No one can replace the peoples of Nigeria. No one can successfully deny them their just rights indefinitely. Ndigbo Council for National Coordination (NCNC) holds that if Nigeria must exist as one country, then it must do so on the basis of equity, justice and the equality of its citizens.We now speak in utter contempt of all those individuals, organisations and authorities who had encouraged hapless Christians and Southerners to remain in the North assuring them of security of life and property which they know to be empty.
Those who are now being cruelly assured of safety in the North must remember: The Nigerian Police Headquarters as well as the United Nations building in Abuja are all discrete and stand-alone structures. These could not be protected from Boko Haram’s attack.
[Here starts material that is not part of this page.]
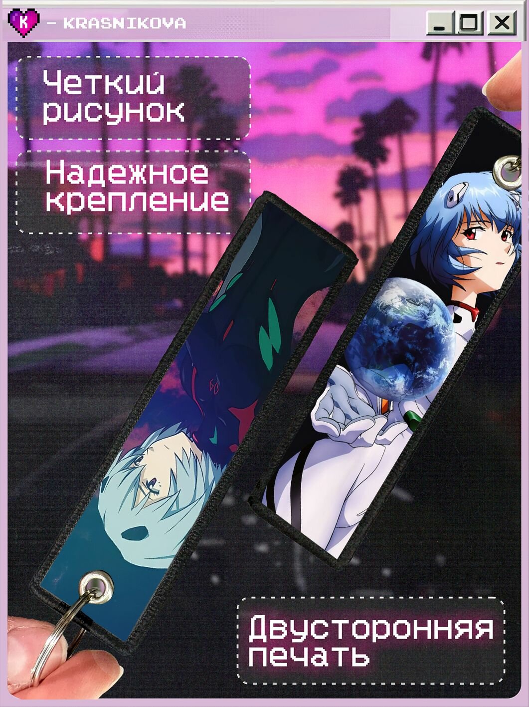Брелок KRASNIKOVA, черный, белый, голубой

During the 2011 Nigerian Independence anniversary, the Nigerian government with all its army, navy, airforce, police, SSS, NIA, etc cowered before Boko Haram’s threats.
So how can the same powers be able to protect millions of people spread over thousands of kilometres and in virtually every hamlet in Northern Nigeria? Unless we are asking those Southerners who want to continue to reside in the North to take up arms to defend themselves and not rely solely on government’s efforts, there is really no need to urge them to continue to live there.
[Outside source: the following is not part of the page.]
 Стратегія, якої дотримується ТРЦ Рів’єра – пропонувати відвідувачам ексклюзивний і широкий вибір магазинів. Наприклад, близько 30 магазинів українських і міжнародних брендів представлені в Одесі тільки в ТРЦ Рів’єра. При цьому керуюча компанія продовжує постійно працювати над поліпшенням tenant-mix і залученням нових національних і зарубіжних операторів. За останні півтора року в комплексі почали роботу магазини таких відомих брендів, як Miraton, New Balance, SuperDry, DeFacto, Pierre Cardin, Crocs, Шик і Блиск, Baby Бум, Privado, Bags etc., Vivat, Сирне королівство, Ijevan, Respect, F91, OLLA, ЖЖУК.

We protest the apparent policy of using Southerners resident in the North as cannon fodders for the Federal Government of Nigeria by the dubious gang of “One-Nigeria-at-any-Cost”. We therefore appeal to the Federal and state governments, the Police and others to stop giving empty and cruel assurances of security to hapless and threatened groups as well as urging them to stay put in the North.
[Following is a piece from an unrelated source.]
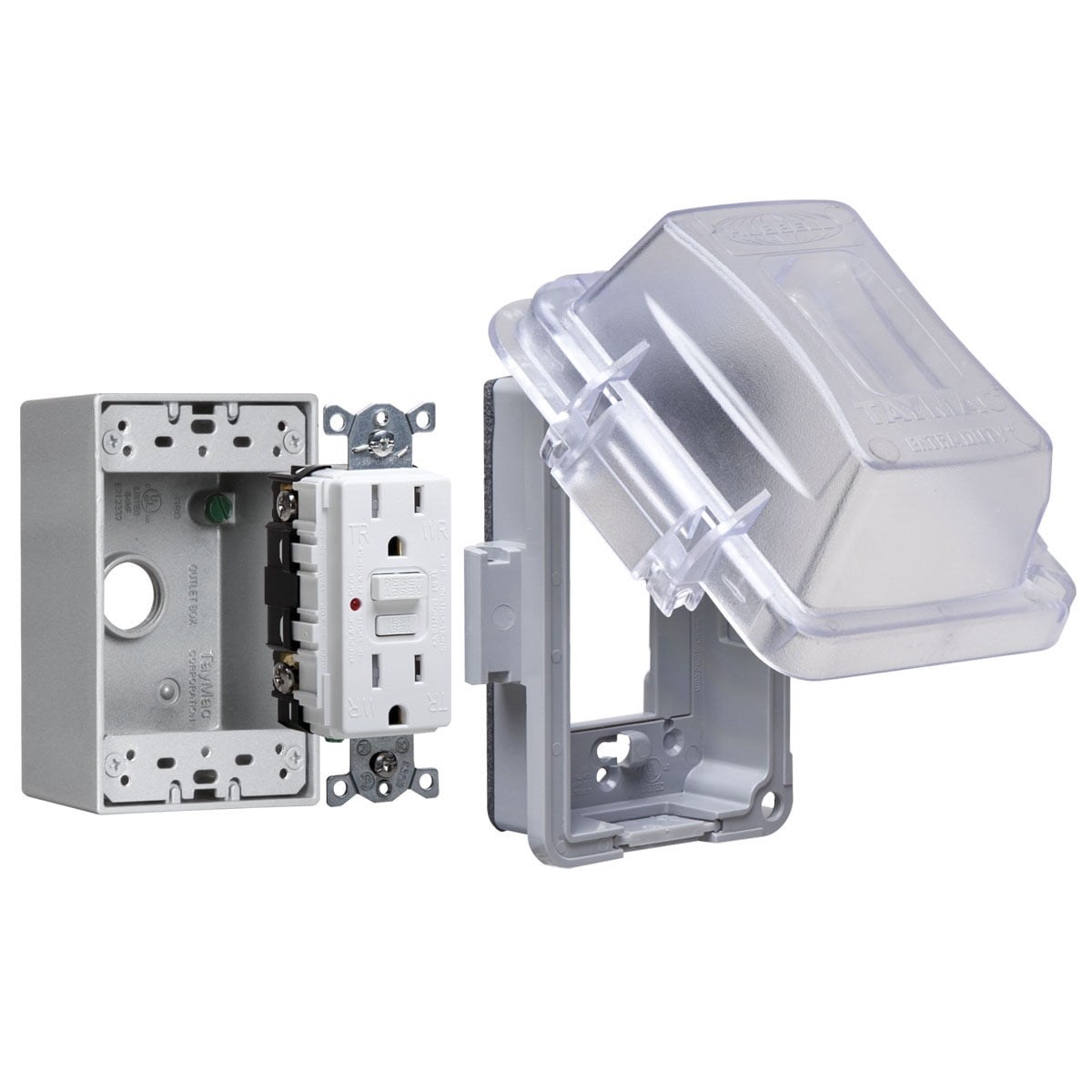Metal WP box & weather/tamper resistant 15-amp self-test white GFCI receptacle

Finally, we appeal to the Federal government to organize a Nigerian national conclave to thrash out the terms of association of individuals and groups in the country, so that Nigeria may live. We hold that the continuing suppression of such a conclave or conference makes the Federal Government the primary instigator of political crisis and insecurity in Nigeria.
We thank Governor Murtala Nyako who against great odds is striving to show the light in Adamawa State and to protect non-indigenes in his domain, even though he has no police force under his command to even begin to tackle such a problem.
Our gratitude also goes to all those Nigerians who have spoken up against the evil being perpetrated in the North, including ex-vice president Atiku Abubakar who has pointed out that “this spiral of violence, especially coming two weeks after the terrorist attack on Christian worshippers at the St. Theresa Catholic Church at Madalla on Christmas Day, is unacceptable because it is targeted at destroying Nigeria ‘s hard efforts to sustain unity in diversity, and that the attack on defenceless citizens anywhere carries the risk of polarising the nation and weakening the efforts to take a united stand against terrorists and their evil agenda”.
We affirm that the NCNC remains committed to the Nigeria project but abhors and rejects the idea of a Nigeria that will be built on the bones of Christians or any other legitimate and law-abiding group in the country.
M r. Nwankwo, an architect & Chairman, Ndigbo Council for National Coordination, wrote from Lagos.